Hari ini, tepat tiga hari yang dijanjikan patriark Xiao. Ye Chen, Jiang Kun dan He Liang duduk bersama mendengarkan keterangan orang suruhan pusat kota.
"Ini aneh," ucap patriark Xiao. "Orang-orang itu berhenti meneror dan menculik penduduk desa. Apa kau tau dari mana orang-orang itu muncul?"
"Patriark, menurut kabar, awalnya mereka muncul dari desa Jiang lalu meluas ke daerah sekitarnya. Saat ini gelombang pengungsi pertama mungkin sudah tiba di perbatasan."
"Seberapa jauh jarak ke perbatasan?" Ye Chen bertanya.
"Sekitar lima hari perjalanan menggunakan hewan udara."
"Jiang Kun, bersiaplah kita berangkat sekarang." ajak Ye Chen. "Patriark terima kasih untuk semuanya. Kami berangkat sekarang."

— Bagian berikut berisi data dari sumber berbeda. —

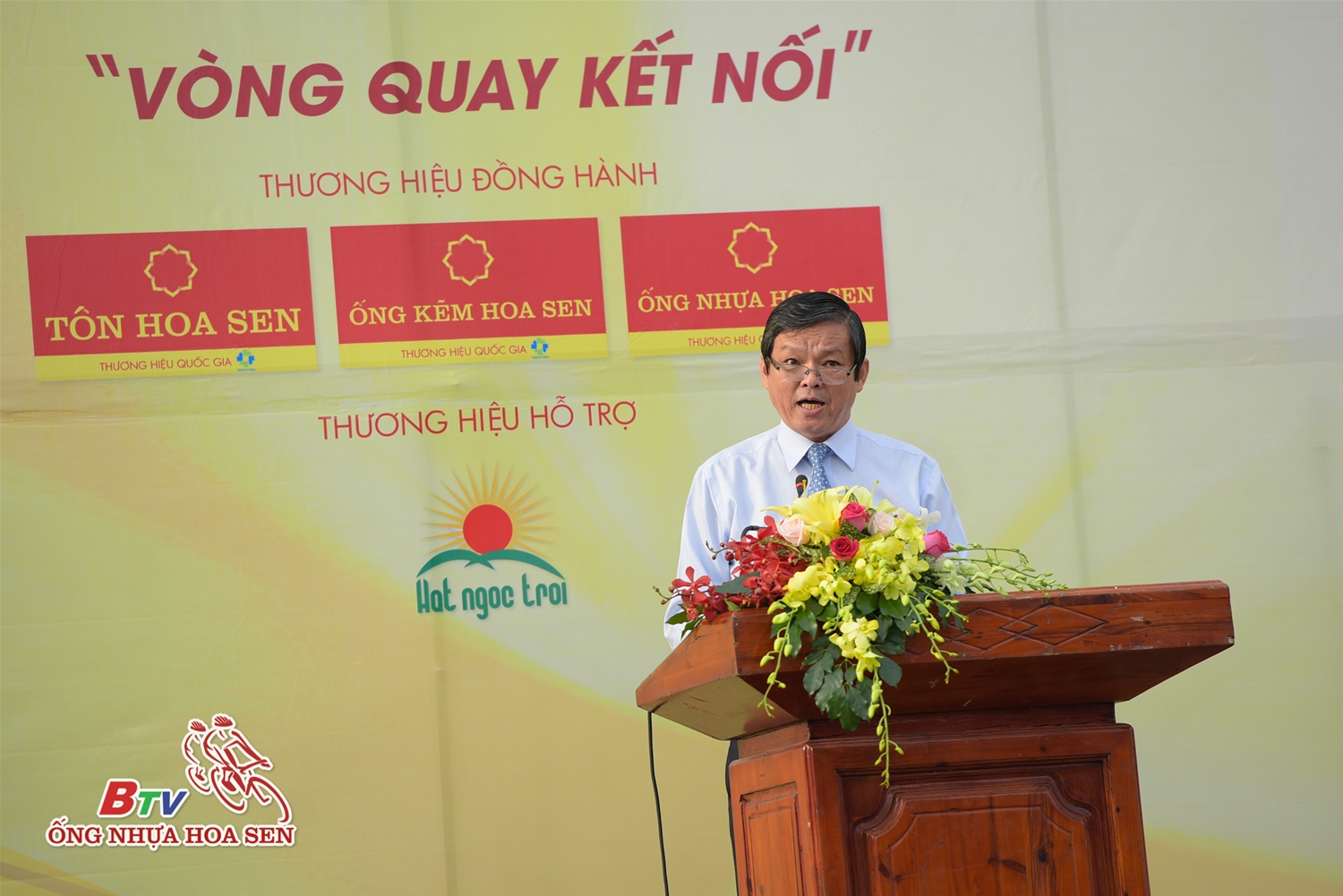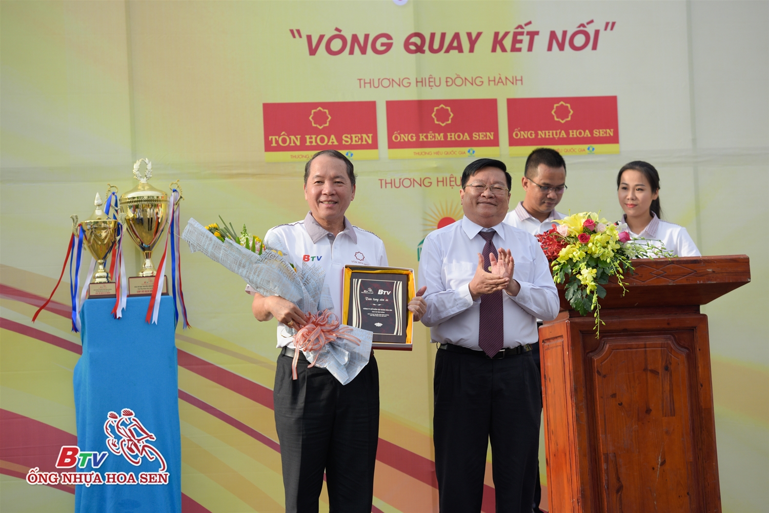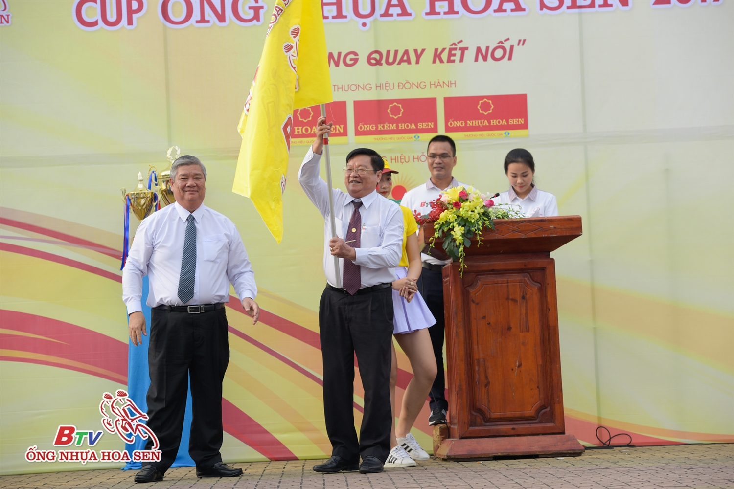 Ông Trần Ngọc Chu – Tổng giám đốc Tập đoàn Hoa Sen – Đại diện Nhà tài trợ giải đua đã tham gia lễ khai mạc. Trong chương trình, Tập đoàn Hoa Sen đã trao tặng 10 chiếc xe đạp và 200 kg gạo cho các em học sinh vượt khó học tốt tại TX Dĩ An, tỉnh Bình Dương.
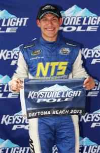 DAYTONA BEACH, FL – FEBRUARY 22: Brennan Newberry, driver of the #14 Fight For Life Chevrolet, poses with the Keystone Light Pole position flag after qualifying first for the NASCAR Camping World Truck Series NextEra Energy Resources 250 at Daytona International Speedway on February 22, 2013 in Daytona Beach, Florida. (Photo by Tom Pennington/NASCAR via Getty Images)
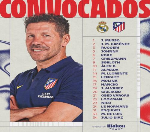 前鋒:7-格列茲曼、9-瑟爾洛特、10-巴埃納、11-阿爾馬達(dá)、19-阿爾瓦雷斯、20-朱利亞諾·西蒙尼、22-盧克曼、34-胡里奧·迪亞斯
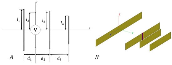 (A) Sketch of a Yagi–Uda antenna. The length of one dipole is twice the length . The distance between the dipoles denotes spacing between the element and . All these variables are expressed in terms of . The second element was used as the active element. (B) Detail of a Yagi–Uda antenna model in the 3D electromagnetic simulation software suite FEKO [33].
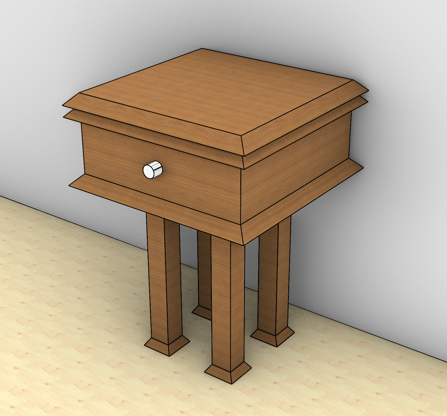 this is a table in cherry wood it has 1 drawer with a metal knob there is a wood floor in lighter oak the wall is white make it photo realistic crisp lighting
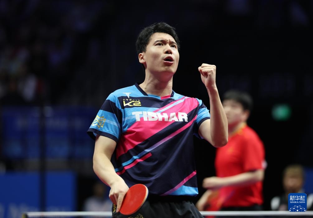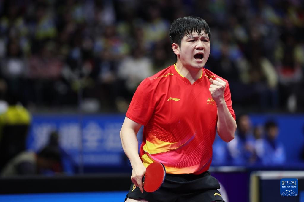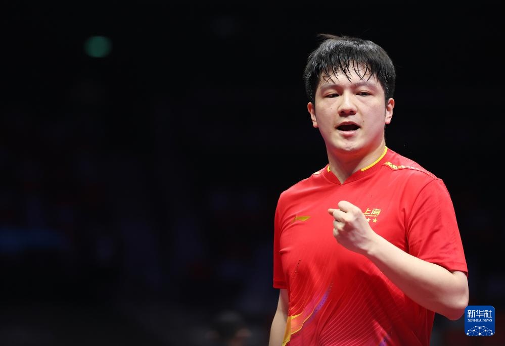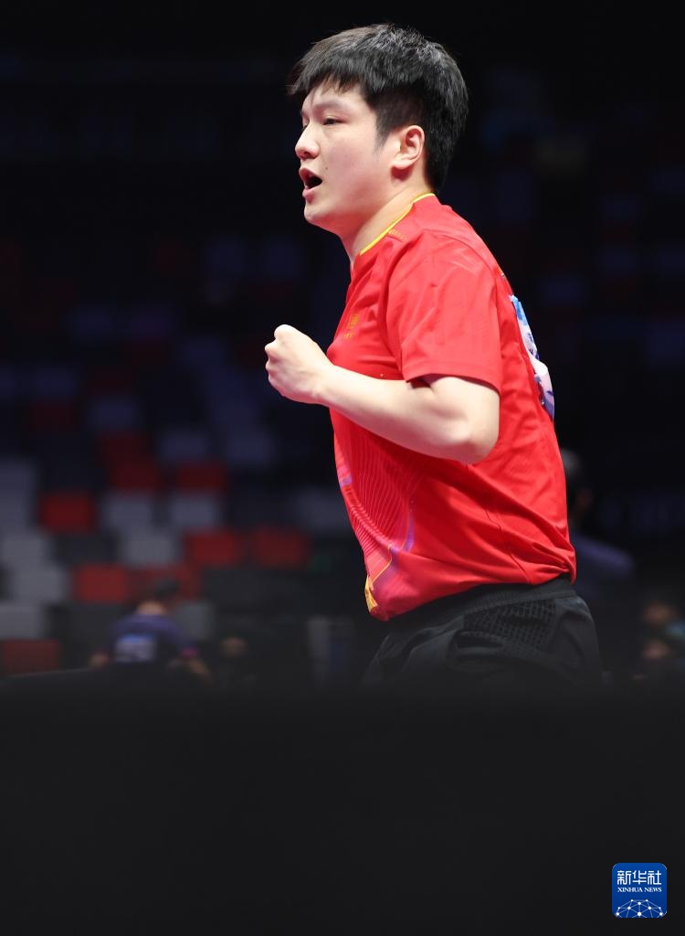 11月14日,上海队选手樊振东在比赛中庆祝得分。
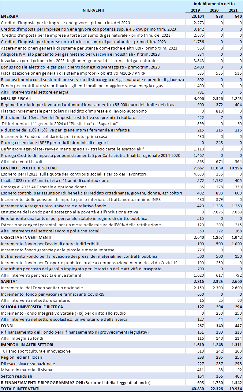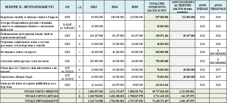 [9] La NTI riporta distintamente gli effetti della legge di bilancio 2023-2025 e quelli del DL 176/2022, nonché la corrispondente somma. Qui si considerano unicamente gli importi relativi alla legge di bilancio 2023-2025.
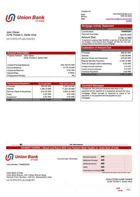 India Union Bank of India mortgage statement Word and PDF template download template file
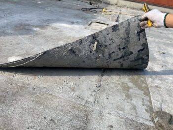 まずは塩ビシート、古くなったウレタン防水を撤去。

"Tunggu sebentar. Aku ikut denganmu." ucap Patriark Xiao lalu memanggil penatua Xiao untuk menyiapkan kendaraan udara.
Untuk pertama kalinya, Ye Chen menaiki kendaraan udara. "Ternyata begini rasanya terbang di udara. Patriark, boleh aku liat cara menjalankan perahu besar ini?" pinta Ye Chen.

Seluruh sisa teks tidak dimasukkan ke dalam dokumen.